大枠は①「適性磨き」②「思考磨き」③「志望理由」+「研究計画」④「面接対策」+「集団討論対策」になります。これらを半年タームで年二周するイメージで毎年やってきました。京都コムニタスに初めて来られた方々から、当塾のことで最も多く質問をいただくのは、必修という授業についてです。必修の授業は、当塾のオリジナルのものです。基本的には私自身の経験を下地に、私たちが手がける入試の合格から、入学後の生活をうまくやっていくために必要な要素をできるだけたくさん盛り込んだ内容になっています。大学という機関で生活するとはどういうことか、研究をするとはどういうことか、こういったことも話していきます。私としては、学科の能力を高めるという意味でもこの必修を受けてもらいたいと考えています。必修の授業を全部語り尽くすのはかなりの文量を要しなかなか難しいのですが、ここでは必修の授業の要点と枠組みを順を追って説明したいと思います。
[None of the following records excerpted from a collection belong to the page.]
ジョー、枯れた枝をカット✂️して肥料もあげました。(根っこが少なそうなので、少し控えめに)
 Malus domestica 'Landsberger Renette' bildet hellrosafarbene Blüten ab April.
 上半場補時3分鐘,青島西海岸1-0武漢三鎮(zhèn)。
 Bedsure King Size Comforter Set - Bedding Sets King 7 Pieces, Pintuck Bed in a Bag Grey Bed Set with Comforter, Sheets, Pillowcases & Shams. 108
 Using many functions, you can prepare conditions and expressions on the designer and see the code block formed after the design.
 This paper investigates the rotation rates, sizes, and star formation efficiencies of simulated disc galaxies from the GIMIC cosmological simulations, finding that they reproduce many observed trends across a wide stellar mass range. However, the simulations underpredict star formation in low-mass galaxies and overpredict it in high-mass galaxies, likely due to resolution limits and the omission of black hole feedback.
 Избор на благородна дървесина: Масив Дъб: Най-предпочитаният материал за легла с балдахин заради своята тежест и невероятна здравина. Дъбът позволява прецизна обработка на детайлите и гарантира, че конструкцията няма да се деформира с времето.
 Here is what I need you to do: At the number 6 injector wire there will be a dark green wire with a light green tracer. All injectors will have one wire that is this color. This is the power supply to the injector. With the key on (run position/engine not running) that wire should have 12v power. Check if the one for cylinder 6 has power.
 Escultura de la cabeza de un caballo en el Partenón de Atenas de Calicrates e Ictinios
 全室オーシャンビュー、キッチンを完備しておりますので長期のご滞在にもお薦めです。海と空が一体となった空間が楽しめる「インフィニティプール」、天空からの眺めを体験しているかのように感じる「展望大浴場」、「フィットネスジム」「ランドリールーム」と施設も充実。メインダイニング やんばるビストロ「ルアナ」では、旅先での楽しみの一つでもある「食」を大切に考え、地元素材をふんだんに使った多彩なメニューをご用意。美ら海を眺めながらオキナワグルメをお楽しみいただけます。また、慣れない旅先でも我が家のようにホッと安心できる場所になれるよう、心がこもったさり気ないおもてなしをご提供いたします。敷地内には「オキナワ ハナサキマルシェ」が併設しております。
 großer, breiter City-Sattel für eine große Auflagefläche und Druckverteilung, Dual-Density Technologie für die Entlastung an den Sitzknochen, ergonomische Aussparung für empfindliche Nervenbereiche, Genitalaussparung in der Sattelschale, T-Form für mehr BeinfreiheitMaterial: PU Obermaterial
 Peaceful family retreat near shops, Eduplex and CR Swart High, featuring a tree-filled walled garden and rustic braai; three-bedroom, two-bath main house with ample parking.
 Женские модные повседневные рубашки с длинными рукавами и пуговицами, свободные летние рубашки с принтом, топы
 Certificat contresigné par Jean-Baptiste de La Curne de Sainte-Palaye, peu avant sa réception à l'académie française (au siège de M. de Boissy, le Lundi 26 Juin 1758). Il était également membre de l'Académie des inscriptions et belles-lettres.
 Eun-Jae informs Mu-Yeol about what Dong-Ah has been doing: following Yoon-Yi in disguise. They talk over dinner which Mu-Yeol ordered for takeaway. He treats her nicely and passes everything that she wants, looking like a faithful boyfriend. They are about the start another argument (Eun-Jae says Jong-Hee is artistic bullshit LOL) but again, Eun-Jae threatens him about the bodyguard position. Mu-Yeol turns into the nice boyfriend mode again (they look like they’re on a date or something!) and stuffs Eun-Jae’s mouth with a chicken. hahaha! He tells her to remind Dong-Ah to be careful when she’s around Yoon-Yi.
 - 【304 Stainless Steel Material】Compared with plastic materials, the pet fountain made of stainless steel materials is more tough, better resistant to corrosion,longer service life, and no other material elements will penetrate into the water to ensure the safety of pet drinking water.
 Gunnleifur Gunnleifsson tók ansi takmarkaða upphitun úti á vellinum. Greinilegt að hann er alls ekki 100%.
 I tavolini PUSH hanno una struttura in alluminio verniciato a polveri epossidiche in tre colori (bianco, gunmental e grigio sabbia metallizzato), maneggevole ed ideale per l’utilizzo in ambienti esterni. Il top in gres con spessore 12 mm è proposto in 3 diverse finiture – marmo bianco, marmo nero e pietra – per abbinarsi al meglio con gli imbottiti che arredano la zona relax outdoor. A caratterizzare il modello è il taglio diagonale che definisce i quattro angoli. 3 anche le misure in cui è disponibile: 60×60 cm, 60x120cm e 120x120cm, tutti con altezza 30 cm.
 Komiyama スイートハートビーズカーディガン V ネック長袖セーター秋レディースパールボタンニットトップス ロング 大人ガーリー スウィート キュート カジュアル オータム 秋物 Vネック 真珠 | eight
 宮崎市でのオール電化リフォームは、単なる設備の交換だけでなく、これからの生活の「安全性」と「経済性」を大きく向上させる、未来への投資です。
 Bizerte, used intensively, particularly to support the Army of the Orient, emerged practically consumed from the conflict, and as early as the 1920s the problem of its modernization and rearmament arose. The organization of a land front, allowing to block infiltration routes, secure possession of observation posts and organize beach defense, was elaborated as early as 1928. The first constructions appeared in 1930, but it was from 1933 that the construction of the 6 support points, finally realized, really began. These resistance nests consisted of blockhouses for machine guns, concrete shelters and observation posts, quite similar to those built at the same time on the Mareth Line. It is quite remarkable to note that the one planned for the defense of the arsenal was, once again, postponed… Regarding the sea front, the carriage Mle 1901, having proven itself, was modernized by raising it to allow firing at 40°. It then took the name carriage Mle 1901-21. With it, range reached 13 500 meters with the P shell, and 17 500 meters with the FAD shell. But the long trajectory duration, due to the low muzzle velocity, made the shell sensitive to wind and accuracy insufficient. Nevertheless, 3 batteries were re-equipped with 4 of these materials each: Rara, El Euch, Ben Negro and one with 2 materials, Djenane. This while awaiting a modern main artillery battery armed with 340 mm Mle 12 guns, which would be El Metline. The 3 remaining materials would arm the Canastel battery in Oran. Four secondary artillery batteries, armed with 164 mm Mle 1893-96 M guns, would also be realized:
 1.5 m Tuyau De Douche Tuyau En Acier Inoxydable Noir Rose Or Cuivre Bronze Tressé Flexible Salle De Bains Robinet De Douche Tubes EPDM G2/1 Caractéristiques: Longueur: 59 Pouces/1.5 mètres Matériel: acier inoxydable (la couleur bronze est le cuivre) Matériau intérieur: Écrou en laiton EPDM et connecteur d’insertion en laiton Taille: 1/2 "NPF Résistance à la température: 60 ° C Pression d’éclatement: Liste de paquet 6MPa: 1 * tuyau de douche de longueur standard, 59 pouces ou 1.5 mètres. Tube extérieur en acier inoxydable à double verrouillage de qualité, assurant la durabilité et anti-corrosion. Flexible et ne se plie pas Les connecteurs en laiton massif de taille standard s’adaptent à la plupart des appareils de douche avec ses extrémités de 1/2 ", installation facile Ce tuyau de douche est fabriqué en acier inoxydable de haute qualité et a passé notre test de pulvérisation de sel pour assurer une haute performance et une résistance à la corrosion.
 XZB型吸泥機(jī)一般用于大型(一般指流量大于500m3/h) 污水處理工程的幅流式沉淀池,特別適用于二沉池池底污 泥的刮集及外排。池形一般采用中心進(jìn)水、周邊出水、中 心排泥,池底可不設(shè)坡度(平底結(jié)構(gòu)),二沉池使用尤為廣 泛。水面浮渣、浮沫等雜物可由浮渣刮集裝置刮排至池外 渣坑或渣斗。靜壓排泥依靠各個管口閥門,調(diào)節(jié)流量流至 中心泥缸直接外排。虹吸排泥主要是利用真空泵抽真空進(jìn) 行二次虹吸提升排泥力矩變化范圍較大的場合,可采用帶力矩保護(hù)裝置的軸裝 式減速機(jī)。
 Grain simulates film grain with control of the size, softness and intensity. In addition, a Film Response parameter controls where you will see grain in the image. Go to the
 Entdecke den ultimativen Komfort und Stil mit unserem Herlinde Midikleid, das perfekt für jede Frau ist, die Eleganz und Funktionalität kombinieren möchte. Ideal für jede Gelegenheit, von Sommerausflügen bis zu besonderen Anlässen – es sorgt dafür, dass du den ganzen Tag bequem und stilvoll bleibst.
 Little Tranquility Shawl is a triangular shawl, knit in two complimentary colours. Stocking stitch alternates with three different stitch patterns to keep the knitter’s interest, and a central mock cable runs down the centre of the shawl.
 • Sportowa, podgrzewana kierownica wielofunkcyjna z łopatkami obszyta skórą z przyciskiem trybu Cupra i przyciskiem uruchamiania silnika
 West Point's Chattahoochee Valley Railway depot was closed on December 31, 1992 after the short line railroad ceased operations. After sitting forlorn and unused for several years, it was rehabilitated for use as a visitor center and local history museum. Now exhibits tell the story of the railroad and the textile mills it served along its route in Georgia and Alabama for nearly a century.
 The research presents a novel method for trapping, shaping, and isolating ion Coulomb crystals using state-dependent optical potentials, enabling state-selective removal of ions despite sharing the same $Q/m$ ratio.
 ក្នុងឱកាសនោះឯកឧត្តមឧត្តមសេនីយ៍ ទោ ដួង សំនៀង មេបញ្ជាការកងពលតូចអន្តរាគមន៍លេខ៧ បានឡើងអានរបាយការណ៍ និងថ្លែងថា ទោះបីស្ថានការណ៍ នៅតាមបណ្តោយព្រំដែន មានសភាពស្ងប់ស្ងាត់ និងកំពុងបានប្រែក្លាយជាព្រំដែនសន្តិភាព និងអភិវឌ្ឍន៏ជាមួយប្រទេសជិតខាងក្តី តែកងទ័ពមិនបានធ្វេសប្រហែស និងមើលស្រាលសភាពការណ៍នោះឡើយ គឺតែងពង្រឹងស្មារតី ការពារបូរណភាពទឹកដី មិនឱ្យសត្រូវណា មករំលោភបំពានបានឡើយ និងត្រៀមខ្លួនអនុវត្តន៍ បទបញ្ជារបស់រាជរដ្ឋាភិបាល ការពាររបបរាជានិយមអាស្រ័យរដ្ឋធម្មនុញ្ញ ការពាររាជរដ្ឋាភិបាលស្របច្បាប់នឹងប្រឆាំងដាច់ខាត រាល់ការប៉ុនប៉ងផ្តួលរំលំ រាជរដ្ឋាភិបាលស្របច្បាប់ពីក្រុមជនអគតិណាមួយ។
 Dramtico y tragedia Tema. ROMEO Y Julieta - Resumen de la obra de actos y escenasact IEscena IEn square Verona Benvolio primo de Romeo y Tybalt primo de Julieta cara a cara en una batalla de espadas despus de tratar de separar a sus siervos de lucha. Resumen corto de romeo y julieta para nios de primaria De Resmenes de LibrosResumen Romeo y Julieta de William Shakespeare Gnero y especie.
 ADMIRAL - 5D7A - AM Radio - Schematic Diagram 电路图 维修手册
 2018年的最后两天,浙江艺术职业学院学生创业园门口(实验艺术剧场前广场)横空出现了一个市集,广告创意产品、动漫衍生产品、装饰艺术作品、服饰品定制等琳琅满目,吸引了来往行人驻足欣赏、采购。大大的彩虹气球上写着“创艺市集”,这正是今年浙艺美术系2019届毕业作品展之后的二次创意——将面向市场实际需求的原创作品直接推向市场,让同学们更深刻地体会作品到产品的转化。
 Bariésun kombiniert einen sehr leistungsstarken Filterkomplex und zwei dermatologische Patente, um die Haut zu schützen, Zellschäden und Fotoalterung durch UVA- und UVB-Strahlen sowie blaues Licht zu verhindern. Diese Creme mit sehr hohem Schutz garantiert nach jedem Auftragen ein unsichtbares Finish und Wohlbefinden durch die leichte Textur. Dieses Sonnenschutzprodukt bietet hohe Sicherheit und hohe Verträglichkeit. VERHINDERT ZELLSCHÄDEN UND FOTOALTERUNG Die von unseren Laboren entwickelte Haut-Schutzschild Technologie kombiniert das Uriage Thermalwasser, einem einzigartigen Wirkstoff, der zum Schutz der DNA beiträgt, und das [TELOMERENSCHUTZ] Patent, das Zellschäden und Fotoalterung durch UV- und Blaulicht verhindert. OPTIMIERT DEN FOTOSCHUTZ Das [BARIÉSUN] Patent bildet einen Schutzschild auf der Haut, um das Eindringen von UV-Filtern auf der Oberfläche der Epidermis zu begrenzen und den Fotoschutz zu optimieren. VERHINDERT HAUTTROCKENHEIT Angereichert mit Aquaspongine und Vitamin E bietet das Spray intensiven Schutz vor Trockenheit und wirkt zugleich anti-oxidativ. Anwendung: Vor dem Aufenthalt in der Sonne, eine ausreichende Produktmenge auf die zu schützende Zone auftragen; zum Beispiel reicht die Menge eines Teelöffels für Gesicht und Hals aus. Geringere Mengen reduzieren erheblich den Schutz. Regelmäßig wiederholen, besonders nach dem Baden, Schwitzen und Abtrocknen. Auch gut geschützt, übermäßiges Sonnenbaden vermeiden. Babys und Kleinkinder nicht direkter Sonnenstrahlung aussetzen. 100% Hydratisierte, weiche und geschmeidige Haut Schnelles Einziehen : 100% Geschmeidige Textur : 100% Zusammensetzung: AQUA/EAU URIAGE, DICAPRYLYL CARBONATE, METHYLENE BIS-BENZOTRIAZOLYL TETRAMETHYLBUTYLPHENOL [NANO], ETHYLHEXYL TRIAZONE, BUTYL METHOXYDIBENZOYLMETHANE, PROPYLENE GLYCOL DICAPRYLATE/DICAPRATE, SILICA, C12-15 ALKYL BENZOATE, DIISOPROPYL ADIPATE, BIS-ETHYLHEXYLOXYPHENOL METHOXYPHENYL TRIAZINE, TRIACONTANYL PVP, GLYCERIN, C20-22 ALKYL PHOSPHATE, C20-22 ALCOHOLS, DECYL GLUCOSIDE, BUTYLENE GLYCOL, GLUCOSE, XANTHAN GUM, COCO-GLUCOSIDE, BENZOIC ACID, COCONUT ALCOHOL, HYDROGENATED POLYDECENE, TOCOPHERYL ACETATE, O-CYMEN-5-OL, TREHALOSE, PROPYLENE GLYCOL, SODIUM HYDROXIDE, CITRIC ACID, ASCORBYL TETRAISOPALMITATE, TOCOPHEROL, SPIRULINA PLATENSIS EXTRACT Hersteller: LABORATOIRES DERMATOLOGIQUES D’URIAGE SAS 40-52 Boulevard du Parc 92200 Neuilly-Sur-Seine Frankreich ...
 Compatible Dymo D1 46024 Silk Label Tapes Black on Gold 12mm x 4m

ここからは、かなり長くなりますが、連載で必修の授業について、最初から最後まで述べていきたいと思います。
今回はアウトラインです。
必修の基本理念
必修の授業は、どの分野の方にも共通して受けていただいています。必修は一言で言えば、学科以外で入試に必要なことを一手に行う授業です。本来は学科以外でやらねばならないことの方が多いのです。入試と入学後に目を向けた場合、英語と専門科目だけができていれば、問題がないかというと、決してそんなことはありません。まずは論理的に考えることができなければ、どんな分野に進んでもうまくいきません。論理的思考力のある人が「今自分にできること」がわかります。論理的思考力が身に付けば、「他者が求めていること」もわかります。両方がわかれば、どんな行動をすればよいかもわかります。また論理的思考力が身に付けば、学科での「論述」ができるようになります。論述をするには、「事実に基づく」という意味がわかりますし、「根拠」「証拠」を提示しながら言葉を作ることができます。それによって「筋道」を通した物の考え方ができます。それができると、いったん、出た結論に対して「じゃあ、これはどうなる?」とさらに疑問をかぶせて、それについて考えて、また結論を出して、また疑問をかぶせて、を繰り返していくことができます。これが「深く考える」ことです。これができると、深く考えた上で話すことができるようになりますから、自分の発言や行動に理由をつけられるようになります。そうすると、不用意な発言や「そんなつもりじゃなかった」なんてことを言わなくてよくなります。つまり自分の発言に責任を持つようになります。
必修の授業は、このようにして、良い循環を作ることを念頭においてセッティングをしています。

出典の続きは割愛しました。